I’m trying to create an alias for determining whether or not I need to reboot my server.

Here’s what I’m doing:

$ echo "alias rcr='if [ -f /var/run/reboot-required ]; then read -p "Continue? (Y/N): " confirm && [[ $confirm == [yY] || $confirm == [yY][eE][sS] ]] || exit 1 && reboot; else echo No reboot needed; fi'" >> ~/.bashrc
$ source ~/.bashrc
$ rcr

But this throws an error:

bash: conditional binary operator expected
bash: syntax error near `[yY]'

I’ve tried every different combination that I could think of, from escaping characters to prefixing variables. I’m a little new to bash (not Linux in general), so I’m just trying to get the hang of this.
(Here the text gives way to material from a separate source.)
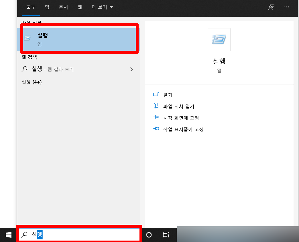컴퓨터를 실행한 상태에서 윈도우 10 버전 기준으로 왼쪽 맨 아래에 있는 검색창에 실행이라고 검색하면 실행 앱이 보입니다. 실행 앱을 클릭합니다

What am I doing wrong here? Here’s what gets added to .bashrc:

alias rcr='if [ -f /var/run/reboot-required ]; then read -p "Continue? (Y/N): " confirm && [[  == [yY] ||  == [yY][eE][sS] ]] || exit 1 && reboot; else echo No reboot needed; fi'
Asked By: Mike K

||

The outer double quotes allow your interactive shell to expand $confirm – presumably to an empty value – so that what you actually write to the .bashrc file is

alias rcr='if [ -f /var/run/reboot-required ]; then read -p "Continue? (Y/N): " confirm && [[  == [yY] ||  == [yY][eE][sS] ]] || exit 1 && reboot; else echo No reboot needed; fi'

You can prevent that by escaping the $ (which is an an additional form of quoting):

$ echo "alias rcr='if [ -f /var/run/reboot-required ]; then read -p "Continue? (Y/N): " confirm && [[ $confirm == [yY] || $confirm == [yY][eE][sS] ]] || exit 1 && reboot; else echo No reboot needed; fi'"
alias rcr='if [ -f /var/run/reboot-required ]; then read -p "Continue? (Y/N): " confirm && [[ $confirm == [yY] || $confirm == [yY][eE][sS] ]] || exit 1 && reboot; else echo No reboot needed; fi'

However IMHO it would be simpler and clearer to use a quoted here document to prevent expansion altogether:

cat >> ~/.bashrc << 'EOF'

alias rcr='
  if [ -f /var/run/reboot-required ]; then 
    read -p "Continue? (Y/N): " confirm
    case $confirm in 
      ([yY]|[yY][eE][sS]) reboot ;; 
    esac
  else
    echo "No reboot needed"
  fi
'
EOF

I also took the liberty of converting your conditionals to a case statement. You could also consider using a shell function instead of an alias here.